Missy: I have heard about the anti-inflammatory diet. Can you explain a little bit more about that and which foods for example are the most inflammatory?

Dr. Renna: Sure. There are several anti-inflammatory diets or several approaches to reducing inflammation through the diet. The first one is to try and choose whole foods. In other words, foods that you know total content and ingredient.

Any food that’s in a box or in a bag or in a can or any food that comes out of the kitchen and served to you probably isn’t a whole food. So identifying whole foods is the first step. A chicken breast, some broccoli, some brown rice – those are all three whole foods and they make up the components of a very healthy meal for most people.

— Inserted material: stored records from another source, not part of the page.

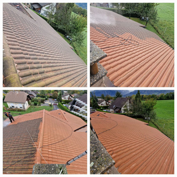 Nettoyage toiture en tuiles Chantier réalisé à Cornier 74800.
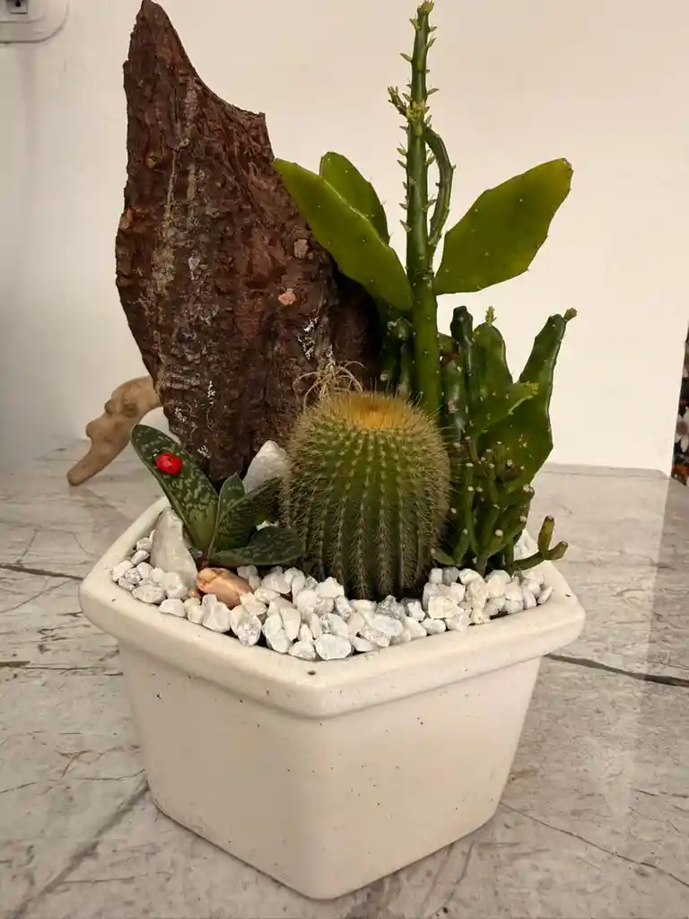 se distingue por un diseño cuidadoso, materiales de alta calidad y una selección experta de plantas, creando un paisaje desértico en miniatura que es estético y duradero.
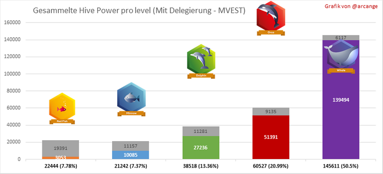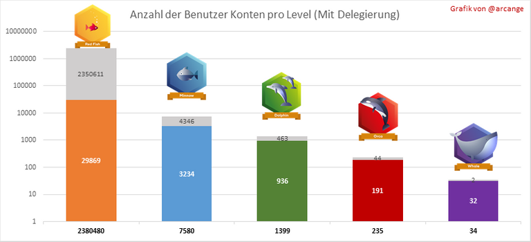Diese Grafik zeigt die Verteilung der Hive Power pro Kontolevel. Das linke Diagramm zeigt die Verteilung ohne Berücksichtigung von Delegierungen, die von den Konten vorgenommen oder empfangen wurden. Die rechten Diagramme berücksichtigen die Delegierung, fügen die empfangene HP-Delegierung hinzu und subtrahieren die abgegebene HP-Delegierung.
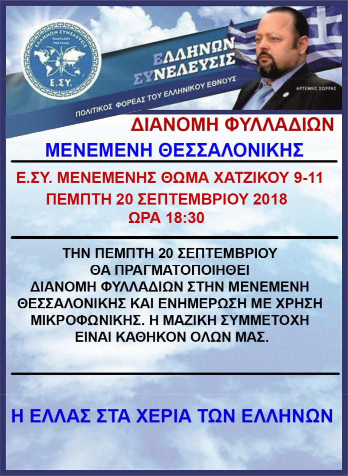 Την Πέμπτη 20 Σεπτεμβρίου θα πραγματοποιηθεί δράση ενημέρωσης με διανομή φυλλαδίων και πορεία στην Μενεμένη Θεσσαλονίκης με σημείο συνάντησης τον τοπικό οργανισμό «Ε.ΣΥ. Μενεμένης» στις 6:30 το απόγευμα.
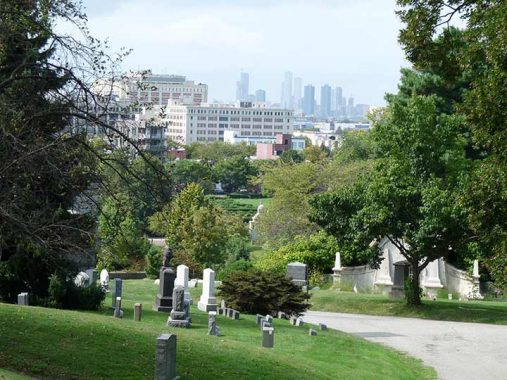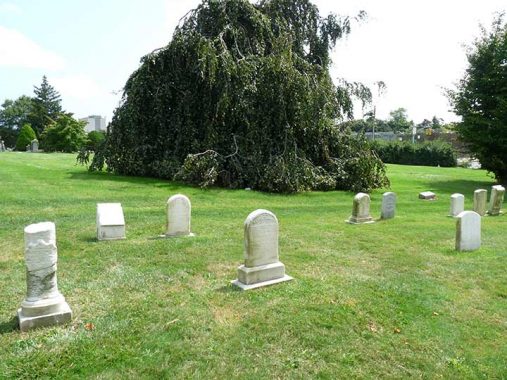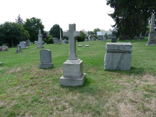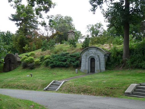 Adlenia M. Mortan Gordon’s tomb is located on a hillside. In the background we can see the gravesite of a famed inventor and painter.
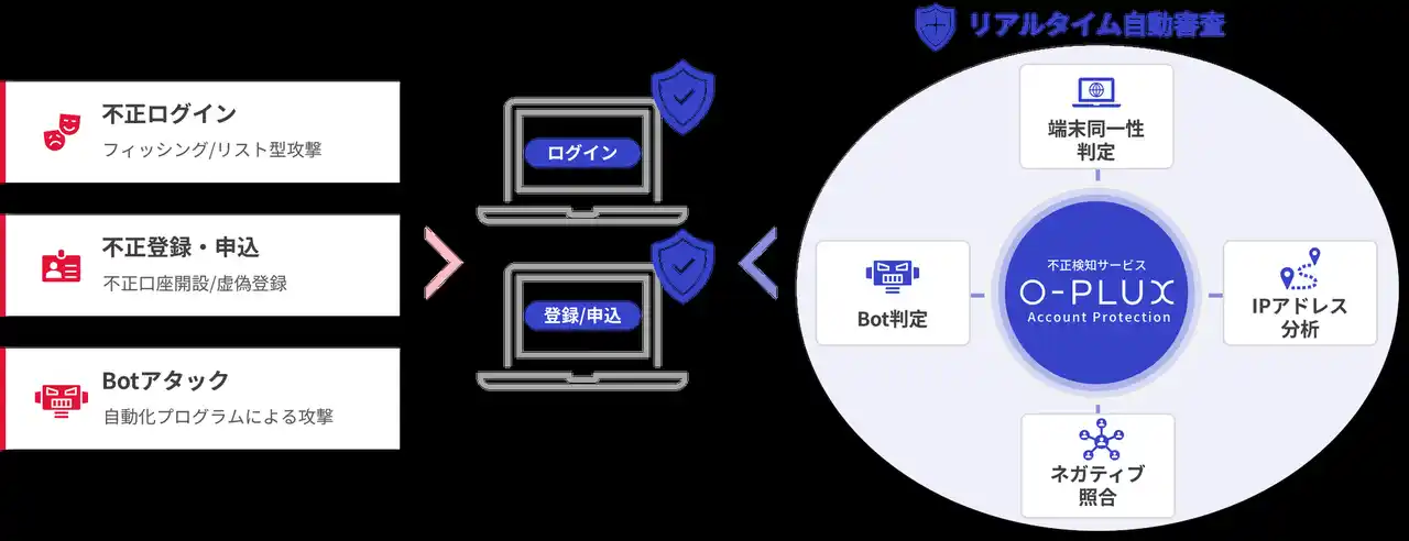Caccoが提供する不正検知サービス「O-PLUX Account Protection」は、「ログイン画面」「登録/申込画面」への「不正ログイン」「不正会員登録/口座開設/申込」「Botアタック」を検知/モニタリングするためのクラウドサービスです。 |

The second thing is to eat foods fresh when possible, in-season. There is a certain rhythm to us that gets programmed into us when we are very young and going back into that rhythm is actually anti-inflammatory. But I think the anti-inflammatory diet or the points that you are interested in are those that have to do with gluten, which is found in wheat, barley and rye, dairy products, and the entire Pandora’s box of sugared, sweetened and artificially sweetened products.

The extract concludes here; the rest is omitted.